Introduction

The coronavirus disease (COVID-19) pandemic has caused more than 10.1 million infections and 503,000 deaths worldwide as of June 30, 2020 [1]. The virus nucleic acid real-time reverse transcriptase chain reaction (RT-PCR) test is the current recommended method for COVID-19 diagnosis [2, 3]. However, with the rapid increase in the number of infections, RT-PCR tests may be fallible depending viral load or sampling techniques and may vary in its availability across global regions. Multiple studies have shown utility for chest CT for diagnosis of COVID-19 [4,5,6], including reports of diagnostic accuracy of chest CT > 80% using deep learning (DL) approaches [7, 8].

While these studies often report classification performance, i.e., positive or negative for COVID-19 pneumonia [8, 9], investigations on specific high-dimensional features unique to COVID-19 pneumonia compared to other similar-appearing lung diseases remain relatively unexplored. Furthermore, there is paucity of research that directly compares predictive performance of feature engineering (e.g., radiomics), deep learning, and other machine learning approaches [10]. While it is generally accepted that deep learning performs robustly with large datasets for image discrimination, its performance compared to radiomics is not closely examined, a relevant topic in medicine where sample sizes are much smaller than non-medical image datasets, such as ImageNet.
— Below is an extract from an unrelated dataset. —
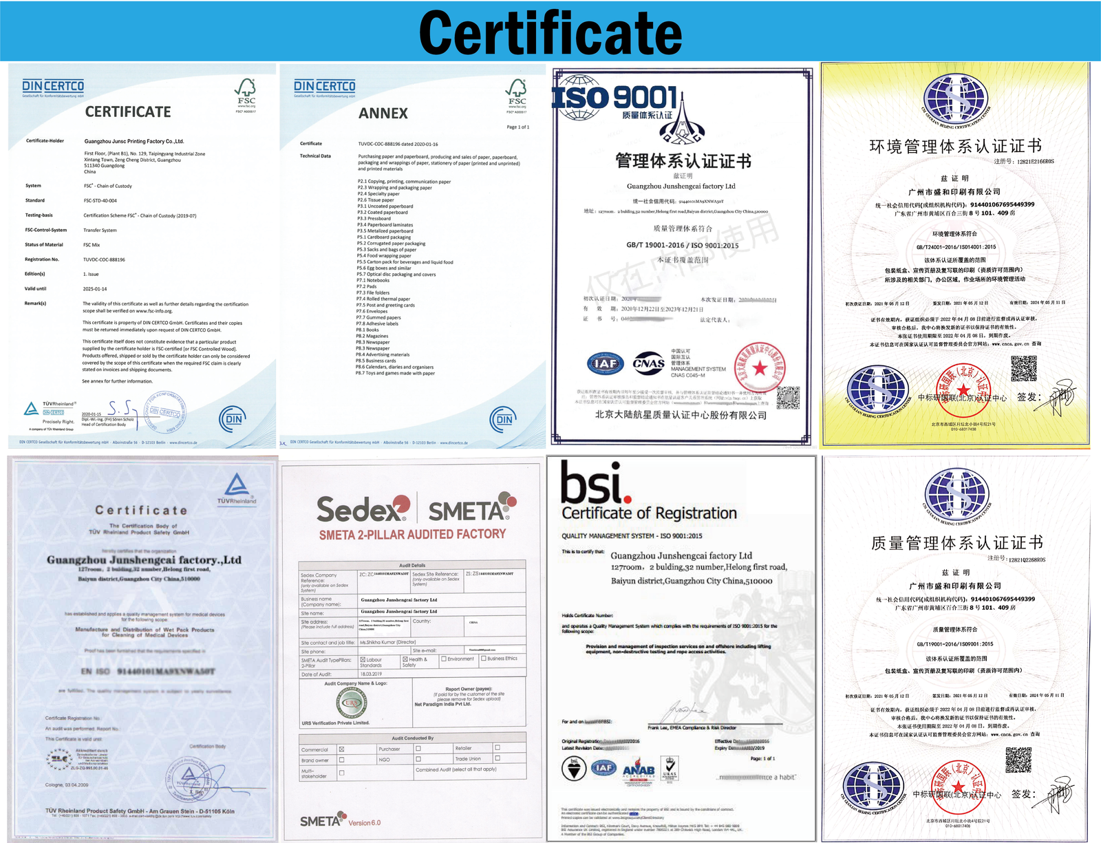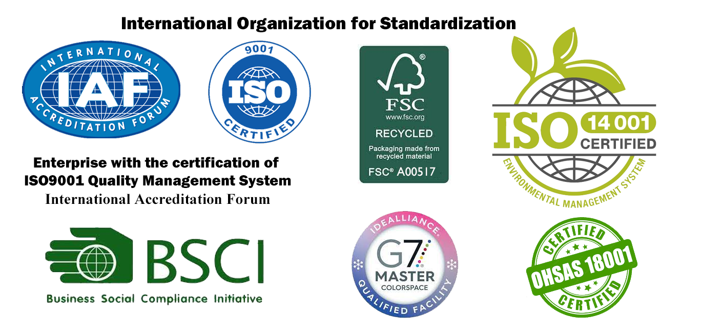 With the fierce market environment, in view of the growing scale, in order to adapt to the changes of the international environment.our factory has successfully imported ISO 9001:2008/QMS quality management system certification, “ISO 14001:2004/EMS” environmental management system certification, “OHSAS 18001:2007” occupational health management system certification, “FSC-COC” forest management system certification “G7” color technology control certification, “BSCI” commercial social responsibility standards recognition.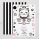 Invitación Cumpleaños de Gatito Gata Rosa Purpura Dorado

The types of machine learning approaches that most optimally augment clinician performance also remain unknown.

A recently described neural network using large-scale bi-directional adversarial network (BigBiGAN) has shown potential for an end-to-end COVID-19 pneumonia diagnosis [11]. In this network, CT chest images are taken as the input and high-dimensional semantic features representing specific characteristics of each image are produced based on the modules of image encoding, image generation, and image discrimination. A recent study has shown a potential utility of this method for distinguishing COVID-19 pneumonia from other viral pneumonias [12].

In this study, we aim to uncover image features of COVID-19 lung disease and further compare radiomics versus deep learning model performance using chest CT. Specifically, we target COVID-19 and non-COVID-19 viral pneumonia of patients who presented with similar clinical symptoms and CT chest findings and compare the performance of deep learning features, radiomics features, and combined approaches for COVID-19 pneumonia diagnosis.

Material and methods

Study cohort

The inclusion criteria of this retrospective study were patients with symptoms suspicious for COVID-19 and diagnosed with COVID-19 or non-COVID-19 viral pneumonia during the COVID-19 outbreak; patients obtained CT chest with or without contrast at time of diagnosis; patients obtained RT-PCR tests (based on samples of bronchoalveolar lavages, endotracheal aspirates, nasopharyngeal swabs, or oropharyngeal swabs) to determine COVID-19 status. Only those patients who tested positive or negative on at least two RT-PCR tests were included. Patients who were confirmed to have PCR-confirmed COVID-19 pneumonia with underlying lung diseases (e.g., lung cancer) were included. Lesion segmentation was performed only on lung lesions suspicious for pneumonia, excluding known sites of lung cancer or other chronic lung lesions. For non-COVID-19 pneumonia patients, we included patients clinically suspected to have viral source of infection. Tuberculosis, fungal, or bacterial pneumonia patients were excluded to examine specific image features of non-COVID-19 viral pneumonia. This retrospective study was approved by the institutional review board of University of Science and Technology of China (IRB no.2020-P-038) and Stanford University (IRB no.51059), with waiver of informed consent or assent.

Chest CT technique and image annotations

Chest CT was performed at slice thickness range 1.25–5 mm (NeuViz 64 or 128, Neusoft, Shenyang, China) with or without contrast. CT parameters of the external dataset were 1–3 mm slice thickness with or without contrast (LightSpeed VCT and Revolution, GE Healthcare, Milwaukee, WI; Aquilion, Toshiba Medical Systems, Otawara, Japan; SOMATOM, Siemens, Erlangen, Germany).

Four blinded attending radiologists in China (> 5 years’ experience) independently segmented the boundary of all lung lesions slice-by-slice using ITK-Snap software (v.3.6.0). Detailed segmentation procedure is presented in Supplementary Figure S1. All segmentations underwent quality control for proper annotation by an expert chest radiologist (> 10 years’ experience). Images were not segmented if the radiologists did not detect lung lesions.

Feature extraction and model development

Open access Google Colab platform [13] and PyRadiomics [14] were used for DL and radiomics feature extraction, respectively. CT data from two hospitals from China were randomly divided into a training, validation, and test datasets (80:10:10), and the data was processed on servers in China. Dataset from a US hospital served as an external evaluation and processed on servers in the USA.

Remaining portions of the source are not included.